ITSI is a packaged solution that enables real-time visibility into services driven by machine data.
Splunk ITSI speeds and simplifies service monitoring and analytics and enables IT to make better, smarter and informed business decisions.
This solution allows you to gain a deep understanding of your services. With Splunk ITSI, you have real-time views into the health of your services, and can use advanced analytics to find patterns, detect anomalies and trends to proactively monitor and address issues.
As a result you have improved real-time service visibility, reduced resolution times, and a transformative approach to monitoring and analytics driven by machine-data.
With Splunk ITSI, customers get the higher level benefits based on the underlying platform. So, from deep-in-the-weeds solving IT operational use cases with Splunk enterprise, we’re up-leveling the use cases and making IT more relevant to the business. We’re simplifying and speeding-up the trouble shooting and collecting and correlating intelligence across the service stack.
So now you can visualize meaningful and contextual data and inter-relationships with dynamic service models, organize and correlate performance indicators for at-a-glance problem analysis, get proactive with early warnings on anomalies, deviations and pre-configured correlated alerts, and simplify workflows.
So ITSI consolidates the data across these diverse technologies allowing you to monitor the services and the business outcomes in a business context.
But enough talking about it, let me hand off to Juergen, our EMEA ITSI Architect and he can show you how easy it is to visualize services and understand their health, from a business perspective, using ITSI.
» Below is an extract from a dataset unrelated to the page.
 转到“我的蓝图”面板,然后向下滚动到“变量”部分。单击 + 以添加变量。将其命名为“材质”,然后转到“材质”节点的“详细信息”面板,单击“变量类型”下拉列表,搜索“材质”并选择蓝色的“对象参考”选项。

The foundation principles of Splunk ITSI was to leverage the power of our platform and maximize the value you can get from not only the machine data indexed but also from all the flexibility and fast time to value we’ve already proven that we can deliver on. Our platform and Splunk ITSI can scale to index terabytes of data (in the Cloud and On-premise) and it does not require months of implementation. Additionally, the solution is flexible – you can customize your insights on-the-fly and on-demand. As your IT and business needs evolve you can customize your views in Splunk ITSI to gain real-time insights into these new performance and business indicators/needs. The ability to interact with the data on-the-fly without costly customizations is a huge plus.
Secondly, we wanted to surface the analytics capabilities to enable machine-data driven monitoring. The solution uses machine learning to detect anomalies, identify baselines and have the system dynamically adapt thresholds. You can proactively notify events thru pre-defined cross KPI correlations and there’s more. Essentially, we’re transforming the approach to monitoring with analytics driven by machine data.
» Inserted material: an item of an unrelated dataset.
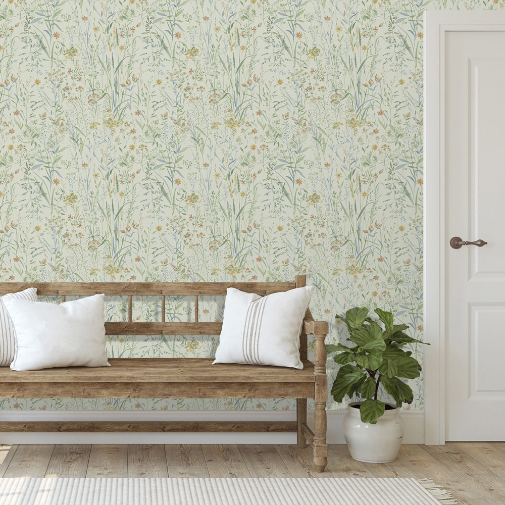 Bring the tranquillity of a wild meadow indoors with floral grass effect wallpaper, featuring delicate flower sprigs and grass leaves, all beautifully rendered in a soft hand-painted watercolour style that creates a calming nature-inspired look for any living room or bedroom; easy to hang with paste the wall application and a textured finish that helps cover minor imperfections, this eco-friendly botanical wallpaper offers a subtle yet striking way to refresh your space.

Lastly, and very much to the response of our customers, we wanted to redefine the role of IT as being strategic to the business. For the longest time, there has been a persisting need for IT to align with the business. With Splunk ITSI, we enable both IT and the business stakeholders of various services to gain real-time insights into critical performance indicators, in a way that makes most sense to them.
With ITSI, we’re fast tracking how you get insights into your services and key performance indicators, whether that insight is focused on individual technology silos or services, micro-services, applications or business processes using a platform you already love.